Data entries:
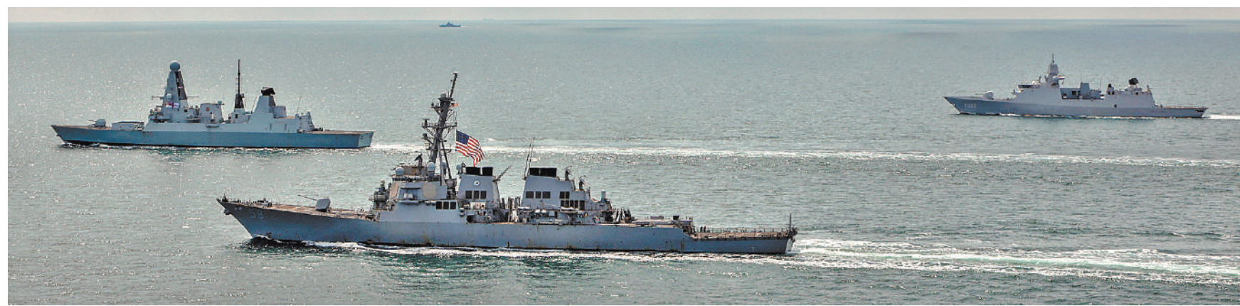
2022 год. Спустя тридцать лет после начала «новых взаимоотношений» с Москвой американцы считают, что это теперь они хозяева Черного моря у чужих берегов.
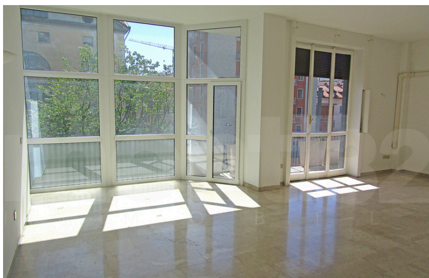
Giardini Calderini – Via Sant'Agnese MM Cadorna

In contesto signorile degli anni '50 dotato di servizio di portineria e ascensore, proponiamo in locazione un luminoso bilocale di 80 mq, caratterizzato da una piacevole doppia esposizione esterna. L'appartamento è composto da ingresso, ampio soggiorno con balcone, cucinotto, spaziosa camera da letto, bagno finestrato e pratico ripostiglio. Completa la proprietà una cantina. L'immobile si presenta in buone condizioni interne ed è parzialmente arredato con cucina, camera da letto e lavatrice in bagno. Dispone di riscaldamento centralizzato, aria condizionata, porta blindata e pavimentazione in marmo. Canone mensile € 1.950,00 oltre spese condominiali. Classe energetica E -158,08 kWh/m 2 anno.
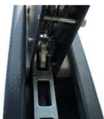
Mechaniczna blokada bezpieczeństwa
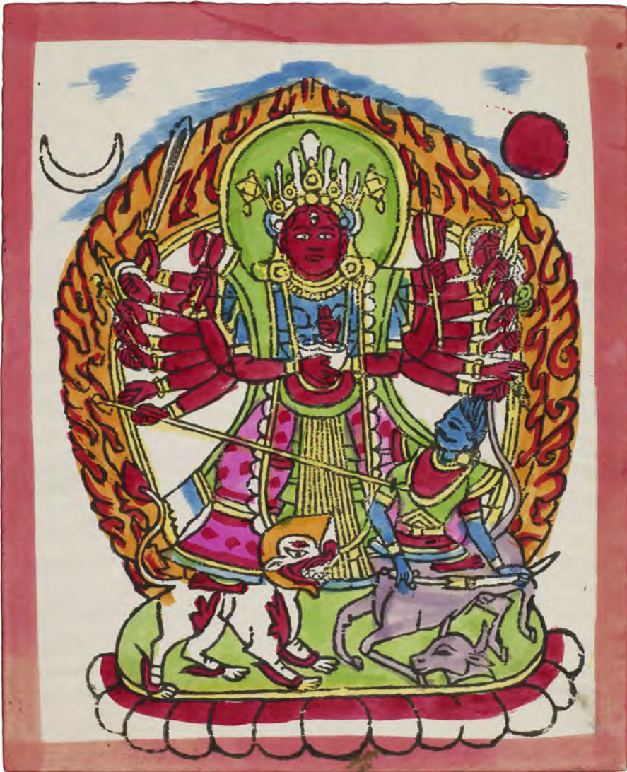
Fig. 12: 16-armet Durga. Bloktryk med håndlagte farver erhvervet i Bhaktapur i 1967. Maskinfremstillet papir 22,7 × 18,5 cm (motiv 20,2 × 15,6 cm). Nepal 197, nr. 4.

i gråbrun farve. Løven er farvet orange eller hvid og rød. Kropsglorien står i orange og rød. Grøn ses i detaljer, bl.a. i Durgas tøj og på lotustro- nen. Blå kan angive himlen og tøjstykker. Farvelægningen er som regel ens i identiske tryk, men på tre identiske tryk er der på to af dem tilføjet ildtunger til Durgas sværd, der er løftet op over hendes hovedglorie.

## Work required
Where a line contains "Mechaniczna blokada bezpieczeństwa", begin there and set down exactly each line through the end of the data above, omitting any pictures.

## Output for this exercise
Mechaniczna blokada bezpieczeństwa
Fig. 12: 16-armet Durga. Bloktryk med håndlagte farver erhvervet i Bhaktapur i 1967. Maskinfremstillet papir 22,7 × 18,5 cm (motiv 20,2 × 15,6 cm). Nepal 197, nr. 4.

i gråbrun farve. Løven er farvet orange eller hvid og rød. Kropsglorien står i orange og rød. Grøn ses i detaljer, bl.a. i Durgas tøj og på lotustro- nen. Blå kan angive himlen og tøjstykker. Farvelægningen er som regel ens i identiske tryk, men på tre identiske tryk er der på to af dem tilføjet ildtunger til Durgas sværd, der er løftet op over hendes hovedglorie.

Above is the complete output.